Archive for the ‘Bad Rabbit’ Category

A worthy upgrade: Next-gen security on Windows 10 proves resilient against ransomware outbreaks in 2017

January 10th, 2018 No comments

Adopting reliable attack methods and techniques borrowed from more evolved threat types, ransomware attained new levels of reach and damage in 2017. The following trends characterize the ransomware narrative in the past year:

  • Three global outbreaks showed the force of ransomware in making real-world impact, affecting corporate networks and bringing down critical services like hospitals, transportation, and traffic systems
  • Three million unique computers encountered ransomware; millions more saw downloader trojans, exploits, emails, websites and other components of the ransomware kill chain
  • New attack vectors, including compromised supply chain, exploits, phishing emails, and documents taking advantage of the DDE feature in Office were used to deliver ransomware
  • More than 120 new ransomware families, plus countless variants of established families and less prevalent ransomware caught by heuristic and generic detections, emerged from a thriving cybercriminal enterprise powered by ransomware-as-a-service

The trend towards increasingly sophisticated malware behavior, highlighted by the use of exploits and other attack vectors, makes older platforms so much more susceptible to ransomware attacks.

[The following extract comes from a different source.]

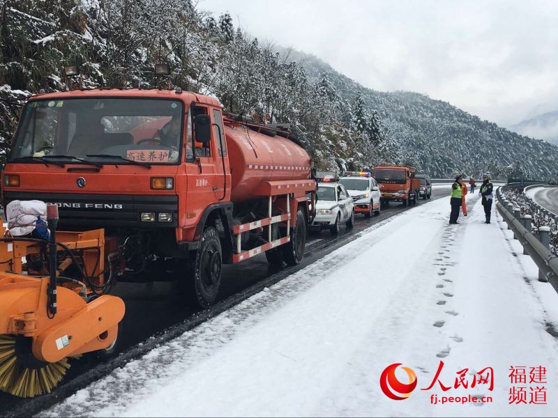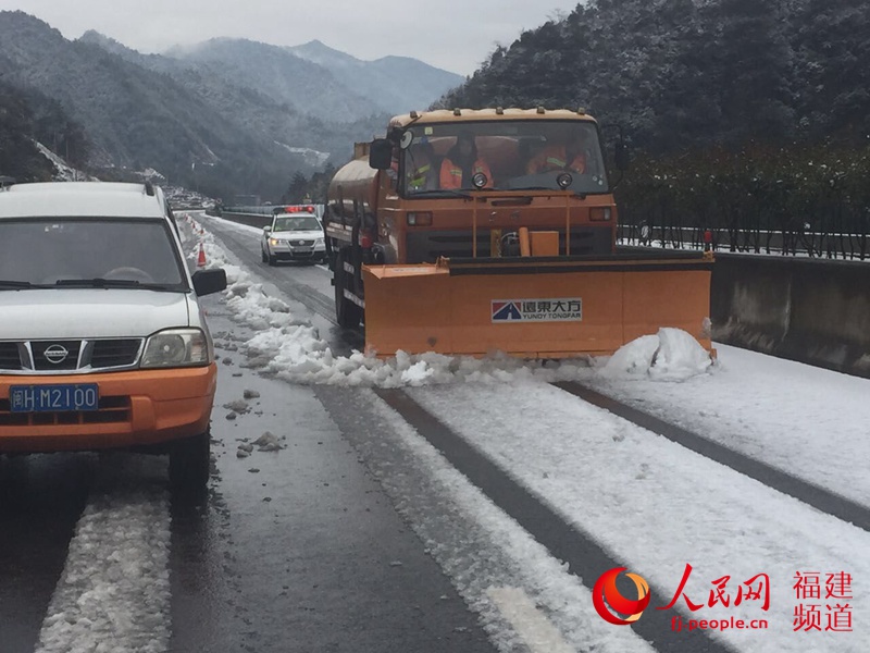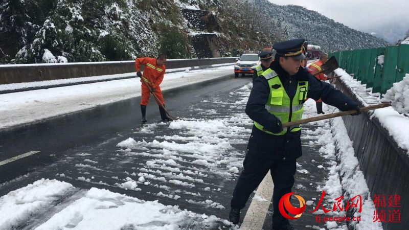 福建省高速公路公司應(yīng)急隊(duì)伍在清理公路積雪

From June to November, Windows 7 devices were 3.4 times more likely to encounter ransomware compared to Windows 10 devices. Considering that Windows 10 has a much larger install base than Windows 7, this difference in ransomware encounter rate is significant.

Figure 1. Ransomware encounter rates on Windows 7 and Windows 10 devices. Encounter rate refers to the percentage of computers running the OS version with Microsoft real-time security that blocked or detected ransomware.

The data shows that attackers are targeting Windows 7. Given todays modern threats, older platforms can be infiltrated more easily because these platforms dont have the advanced built-in end-to-end defense stack available on Windows 10. Continuous enhancements further make Windows 10 more resilient to ransomware and other types of attack.

Windows 10: Multi-layer defense against ransomware attacks

The year 2017 saw three global ransomware outbreaks driven by multiple propagation and infection techniques that are not necessarily new but not typically observed in ransomware. While there are technologies available on Windows 7 to mitigate attacks, Windows 10s comprehensive set of platform mitigations and next-generation technologies cover these attack methods. Additionally, Windows 10 S, which is a configuration of Windows 10 thats streamlined for security and performance, locks down devices against ransomware outbreaks and other threats.

In May, WannaCry (Ransom:Win32/WannaCrypt) caused the first global ransomware outbreak. It used EternalBlue, an exploit for a previously fixed SMBv1 vulnerability, to infect computers and spread across networks at speeds never before observed in ransomware.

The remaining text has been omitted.